As is becoming the norm in recent games; the Knights have scored more points than their opposition but also conceded more. It seems that we are stronger in attack this season but our defence needs strengthening up.
The Knights are the third highest points-scorers in the Championship and the Pirates have the fourth tightest defence. They have only conceded four and six more points than Carnegie or Bristol consecutively for example.
The Knights have scored 58 more points than the Pirates yet conceded 38 more.
The Pirates have only played twice away from Penzance this season and lost both matches. Conversely the Knights have won two of their three home games played.

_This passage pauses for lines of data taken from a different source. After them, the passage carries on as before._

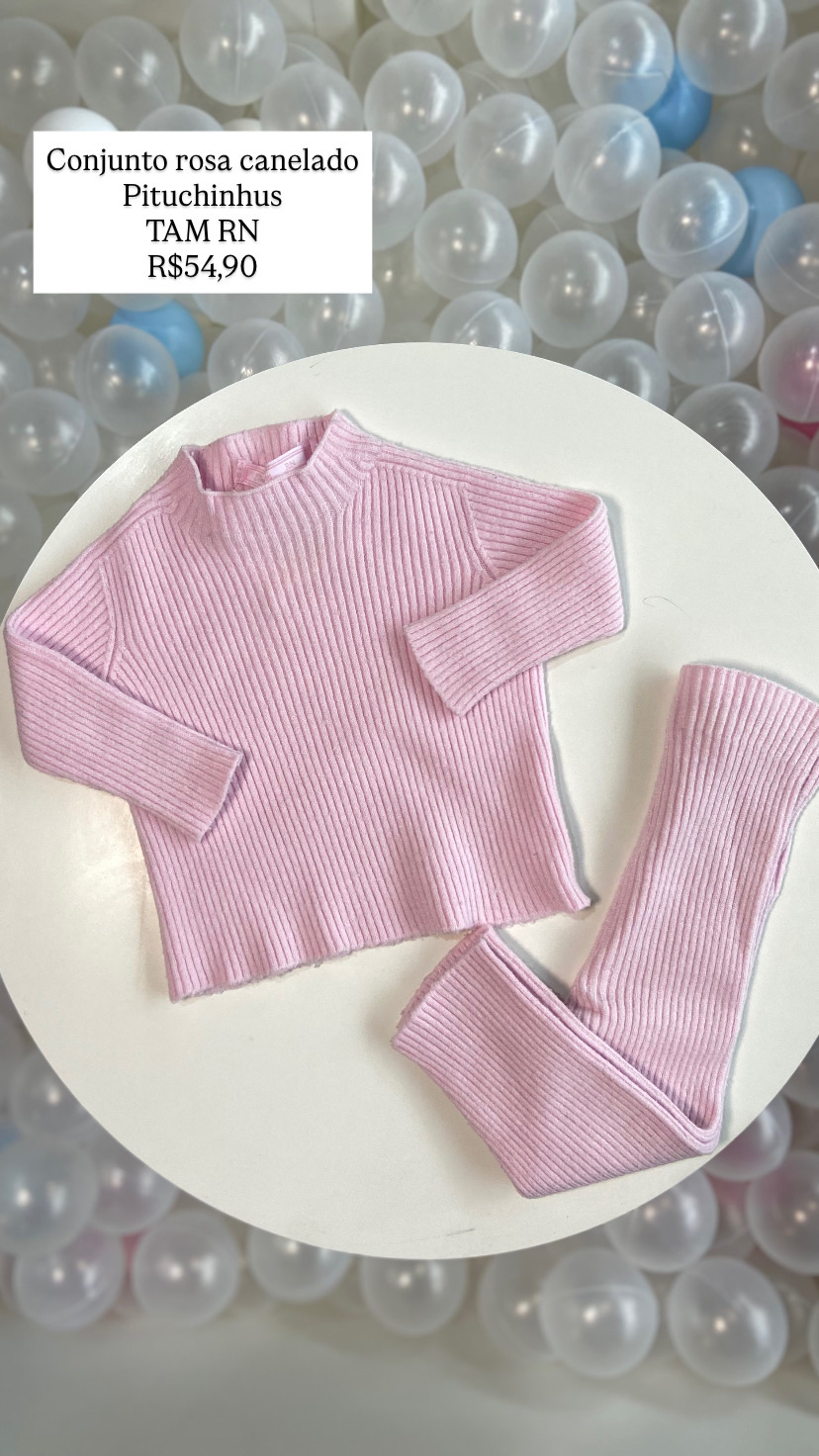 Conjunto Rosa Canelado Pituchinhus Tamanho RN
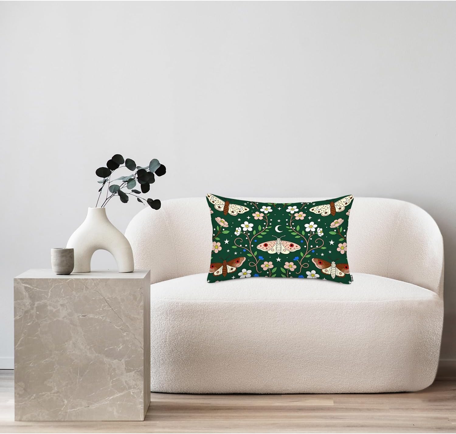 1. Material: The Floral Moon Moth rectangle throw pillow cover made of polyester material. The touch is skin friendly and comfortable, soft, breathable, not stuffy, and not easily deformed or faded
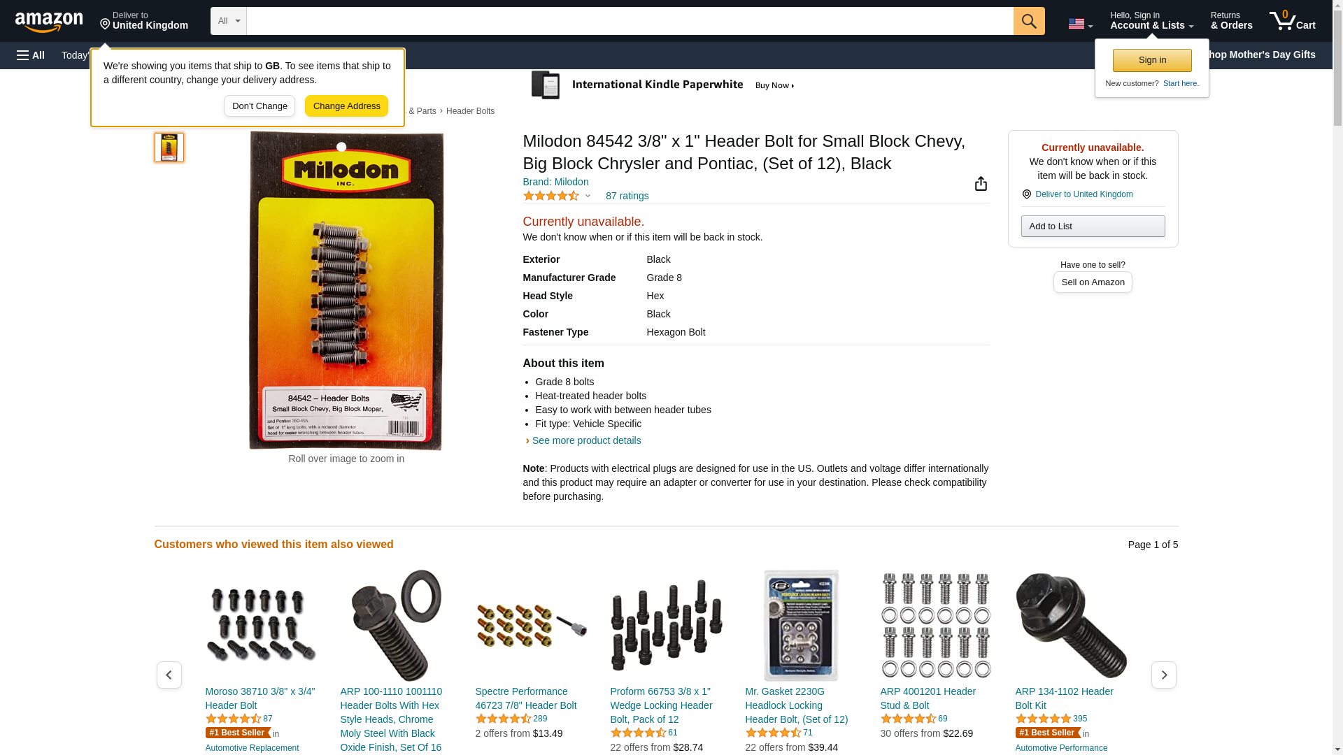 Milodon 84542 3/8" x 1" Header Bolt for Small Block Chevy, Big Block Chrysler and Pontiac, (Set of 12), Black

Pirate try-scoring has occurred equally between the Forwards and the Backs with the Back Row being dominant, followed by Centres then Wings. Add one for the Full Back and one for the Front Row to get the full complement of tries scored by position. Most tries have been scored in the last quarter, which indicates that fitness isn’t an issue or possibly weaknesses in defence have been noticed and exploited.
The defence against opposition Backs has been 25% worse than against Forwards. Their weakest areas have been by Centres, possibly by breaking the line and then by Wings, so probably out wide. Opposition Centres have scored more tries against the Pirates than any other team in the Championship and the Pirates are one of only three teams to have conceded a penalty try. Possibly our forwards could look for push-over tries that might lead to the Pirates illegally collapsing the set piece or we should look to shipping the ball out to the Centres to possibly break the defensive line and score/ pass out to the Wings. Tries have predominantly been conceded in the second and last twenties.
To summarise we need to overcome the strong Pirate defence using either Forward dominance or good Back interplay and strengthen our defence predominantly against their Back Row.
Fly Half Kieran Hallet is the Pirates sharp-shooter with the boot and Flanker Alex Cheeseman is their leading try-scorer.
Elsewhere this weekend:
Friday
Moseley (12) welcome Ealing Trailfinders (11)
Bedford Blues (6) host Rotherham Titans (4)
London Scottish (3) are at home against Nottingham (9)
Saturday
Jersey (8) fly over to London to play the Welsh (7)
Sunday
Bristol’s (2) Ashton Gate Stadium welcomes lead leaders Leeds Carnegie (1)
The weekend sees first v second, seventh v eighth and an eleventh v twelfth encounters, so there is the potential for a big shake-up in league positions. This early in the season there’s only the bottom three; Cornish Pirates, Ealing Trailfinders and Mosely that can’t overtake us in one game. The highest position that we could possibly aspire to achieve after this weekend is third. First v second and eleventh v twelfth can’t affect our league position but our result and the other three results could. However we shouldn’t concern ourselves with other results; only the next game whose outcome we can effect.